I shall kill my children, but I shall punish myself also: and what do I care?" This is the aberration of soul which possesses great energy. For she did not know wherein lies the doing of that which we wish; that you cannot get this from without, nor yet by the alteration and new adaptation of things. Do not desire the man, and nothing which you desire will fall to happen: do not obstinately desire that he shall live with you: do not desire to remain in Corinth; and, in a word, desire nothing than that which God wills. And who shall hinder you? who shall compel you? No man shall compel you any more than he shall compel Zeus.
When you have such a guide, and your wishes and desires are the same as his, why do you fear disappointment? Give up your desire to wealth and your aversion to poverty, and you will be disappointed in the one, you will fall into the other. Well, give them up to health, and you will be unfortunate: give them up to magistracies, honours, country, friends, children, in a word to any of the things which are not in man's power. But give them up to Zeus and to the rest of the gods; surrender them to the gods, let the gods govern, let your desire and aversion be ranged on the side of the gods, and wherein will you be any longer unhappy? But if, lazy wretch, you envy, and complain, and are jealous, and fear, and never cease for a single day complaining both of yourself and of the gods, why do you still speak of being educated? What kind of an education, man? Do you mean that you have been employed about sophistical syllogisms? Will you not, if it is possible, unlearn all these things and begin from the beginning, and see at the same time that hitherto you have not even touched the matter; and then, commencing from this foundation, will you not build up all that comes after, so that nothing, may happen which you do not choose, and nothing shall fail to happen which you do choose?
Give me one young man who has come to the school with this intention, who is become a champion for this matter and says, "I give up everything else, and it is enough for me if "t shall ever be in my power to pass my life free from hindrance and free from trouble, and to stretch out my neck to all things like a free man, and to look up to heaven as a friend of God, and fear nothing that can happen." Let any of you point out such a man that I may "Come, young man, into the possession of that which is your own, it is your destiny to adorn philosophy: yours are these possessions, yours these books, yours these discourses." Then when he shall have laboured sufficiently and exercised himself in this of the matter, let him come to me again and say, "I desire to be free from passion and free from perturbation; and I wish as a pious man and a philosopher and a diligent person to know what is my duty to the gods, what to my parents, what to my brothers, what to my country, what to strangers." Come also to the second matter: this also is yours. "But I have now sufficiently studied the second part also, and I would gladly be secure and unshaken, and not only when I am awake, but also when I am asleep, and when I am filled with wine, and when I am melancholy."

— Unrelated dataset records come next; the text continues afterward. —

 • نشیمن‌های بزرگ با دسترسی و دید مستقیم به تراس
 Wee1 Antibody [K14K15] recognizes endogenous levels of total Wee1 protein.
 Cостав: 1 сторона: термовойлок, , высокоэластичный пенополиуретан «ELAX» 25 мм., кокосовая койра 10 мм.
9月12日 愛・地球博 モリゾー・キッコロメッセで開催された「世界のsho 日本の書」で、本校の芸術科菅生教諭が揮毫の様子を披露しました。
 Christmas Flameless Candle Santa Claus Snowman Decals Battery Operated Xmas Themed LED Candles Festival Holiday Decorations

Man, you are a god, you have great designs.
"No: but I wish to understand what Chrysippus says in his treatise of the Pseudomenos." Will you not hang yourself, wretch, with such your intention?

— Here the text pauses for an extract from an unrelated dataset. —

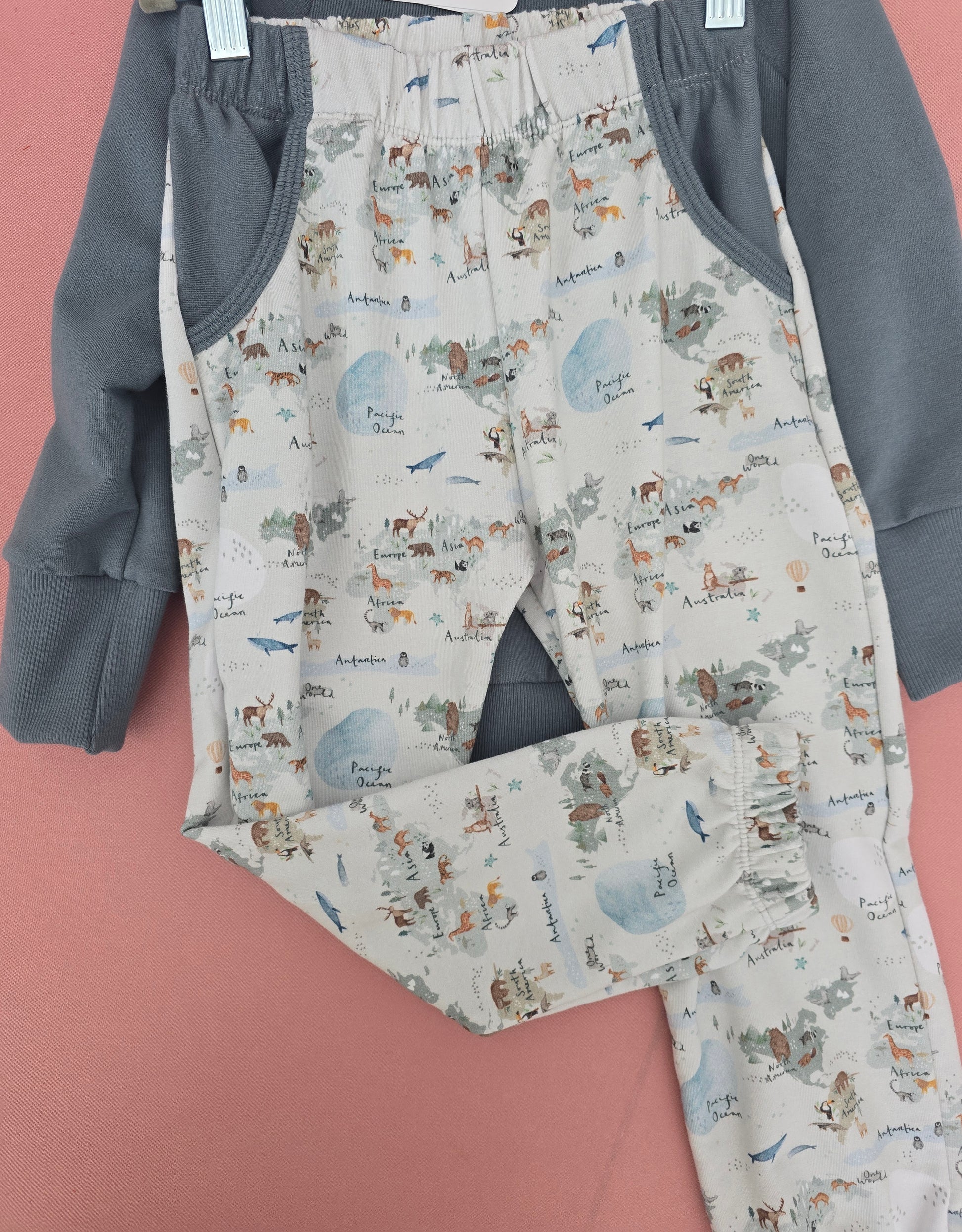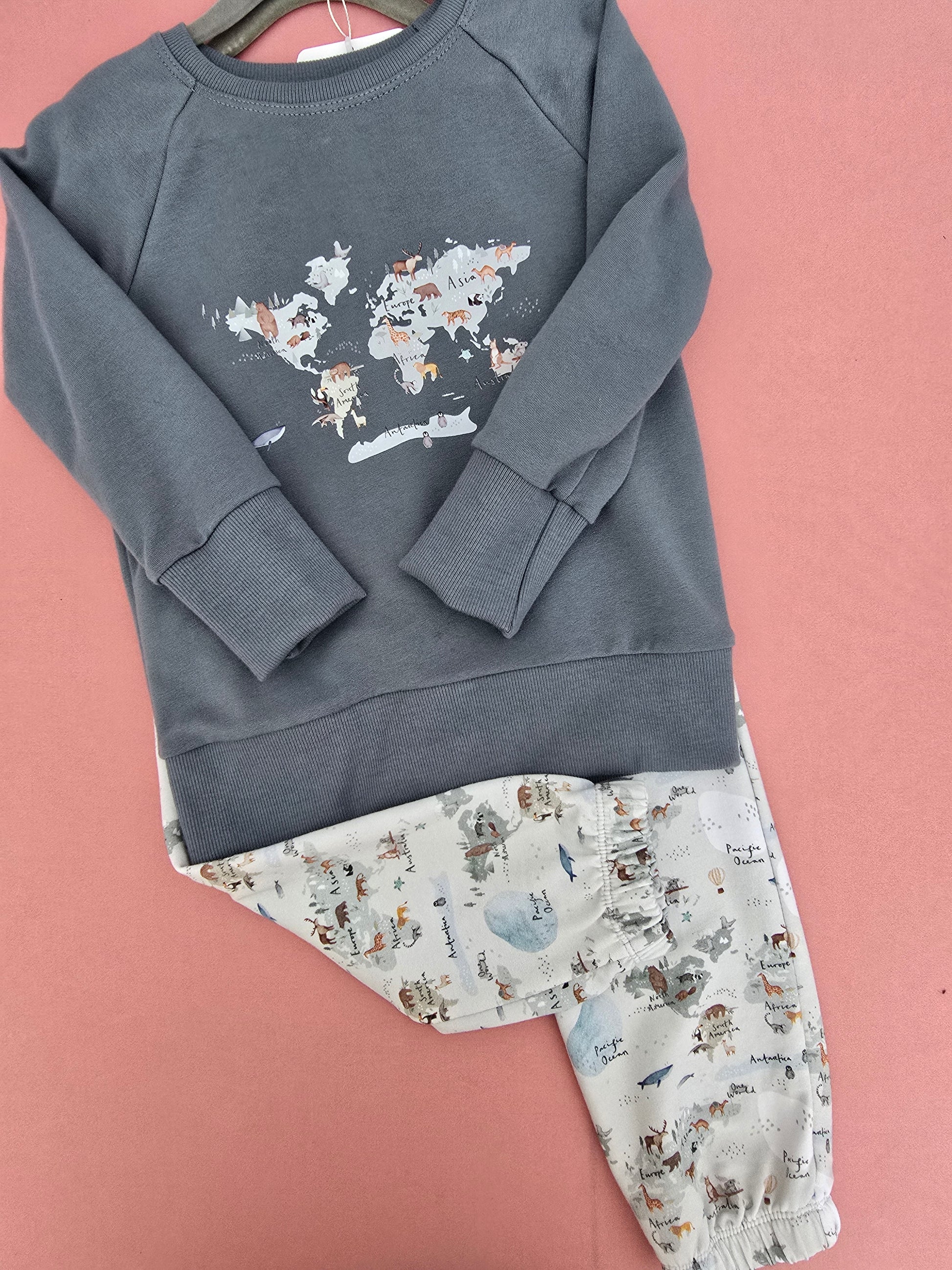 Handmade long sleeve raglan pullover cut from soft, high quality, organic cotton fabric with a heat transfer that won't crack, peel, or fade. Paired with coordinating pants made from bamboo cotton french terry knit.

And what good will it do you? You will read the whole with sorrow, and you will speak to others trembling, Thus you also do. "Do you wish me, brother, to read to you, and you to me?" "You write excellently, my man; and you also excellently in the style of Xenophon, and you in the style of Plato, and you in the style of Antisthenes." Then, having told your dreams to one another, you return to the same things: your desires are the same, your aversions the same, your pursuits are the same, and your designs and purposes, you wish for the same things and work for the same.
In the next place you do not even seek for one to give you advice, but you are vexed if you hear such things. Then you say, "An ill-natured old fellow: when I was going away, he did not weep nor did he say, 'Into what danger you are going: if you come off safe, my child, I will burn lights.'
This is what a good-natured man would do." It will be a great thing for you if you do return safe, and it will be worth while to burn lights for such a person: for you ought to be immortal and exempt from disease.
Casting away then, as I say, this conceit of thinking that we know something useful, we I I must come to philosophy as we apply to geometry, and to music: but if we do not, we shall not even approach to proficiency, though we read all the collections and commentaries of Chrysippus and those of Antipater and Archedemus.